2\(\frac{3}{4}\) + 1\(\frac{1}{3}\) + 2\(\frac{1}{4}\)
A. 6\(\frac{4}{12}\)
B. 6
C. 5\(\frac{5}{11}\)
D. 5\(\frac{1}{3}\)
Answer: A. 6\(\frac{4}{12}\)
2\(\frac{3}{4}\) + 1\(\frac{1}{3}\) + 2\(\frac{1}{4}\)

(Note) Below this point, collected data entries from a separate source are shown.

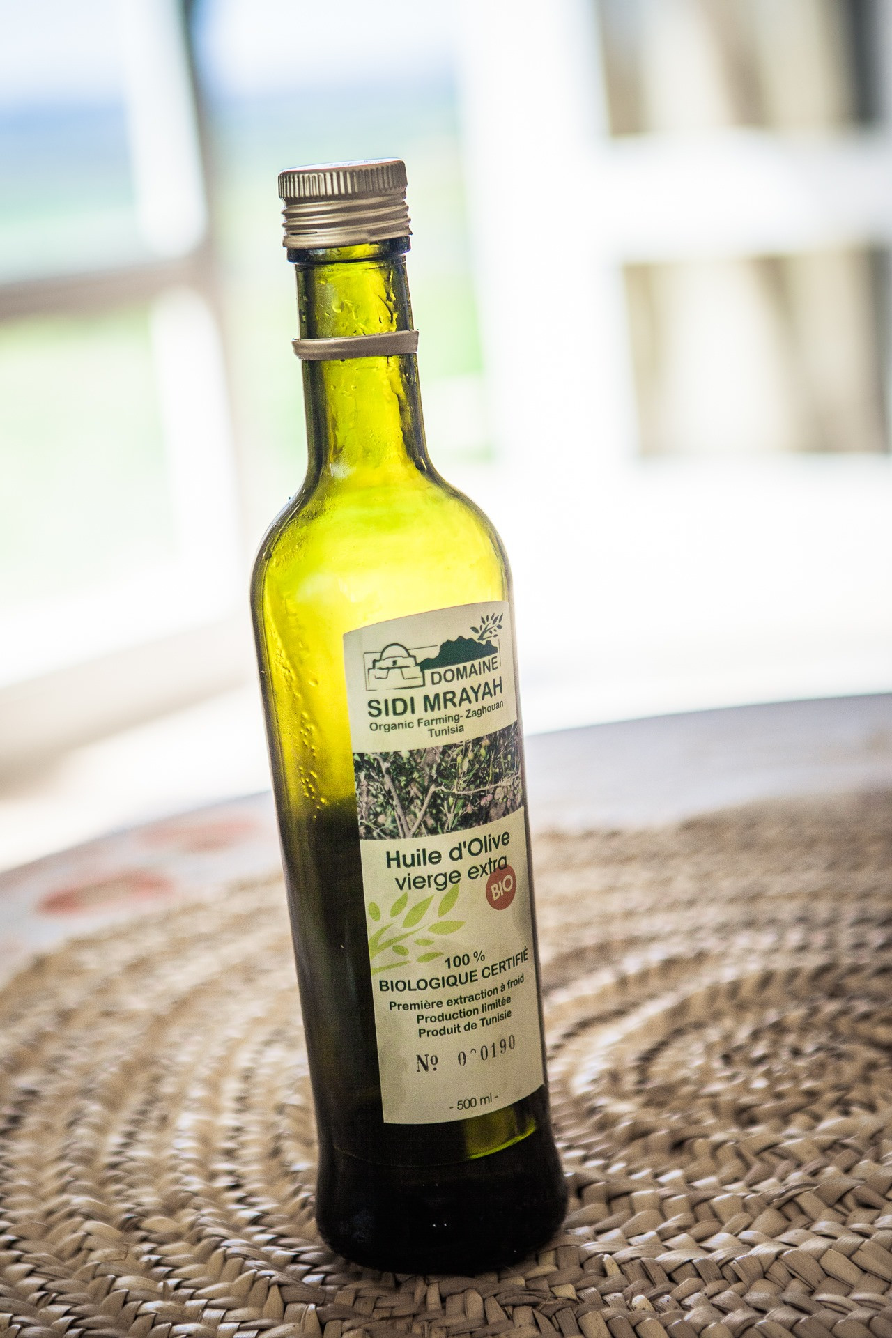 Huile d’olive 100% biologique certifiée du Domaine Sidi Mrayah de la Ferme Lakhoua à Zaghouan. Disponible en bouteille de demi litre ou bidon de 1l ou 3l. En vente à la boutique Vi à la Marsa et à l''épicerie fine Cacciola au Kram.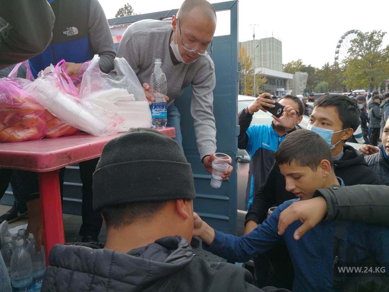 Народные дружинники приготовили большой казан плова, привезли хлеб и воду. Кормят митингующих, предлагают поесть журналистам, всем желающим.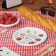 Rustic apple theme baby shower plate featuring illustration of red apples painted with watercolor.

Rewriting our equation with parts separated
2 + 1 + 2 = 5
\(\frac{3}{4}\) + \(\frac{1}{3}\) + \(\frac{1}{4}\) = 1\(\frac{1}{3}\)
5 + 1\(\frac{1}{3}\) = 6\(\frac{1}{3}\)
The equivalent fraction to 6\(\frac{1}{3}\) is 6\(\frac{4}{12}\)
So, option A is the correct answer.
Question 16.
Jessica works on her math homework. Then she works 1\(\frac{1}{5}\) hours on her science homework. She works a total of 4\(\frac{1}{4}\) hours on homework. Select all equations that Jessica could use to find m, the number of hours she works on her math homework.
A. m – 4\(\frac{1}{4}\) = 1\(\frac{1}{5}\)
B. 1\(\frac{1}{5}\) + 4\(\frac{1}{4}\) = m
C. m + 1\(\frac{1}{5}\) = 4\(\frac{1}{4}\)
D. m – 1\(\frac{1}{5}\) = 4\(\frac{1}{4}\)
E. 4\(\frac{1}{4}\) – 1\(\frac{1}{5}\) = m
Answer:
Given,
Jessica works on her math homework.
Then she works 1\(\frac{1}{5}\) hours on her science homework.
She works a total of 4\(\frac{1}{4}\) hours on homework.
Let m be the number of hours she works on her math.
m + 1\(\frac{1}{5}\) = 4\(\frac{1}{4}\)
m = 4\(\frac{1}{4}\) – 1\(\frac{1}{5}\)
m – 4\(\frac{1}{4}\) = 1\(\frac{1}{5}\)
Option A, C and D are the correct answers.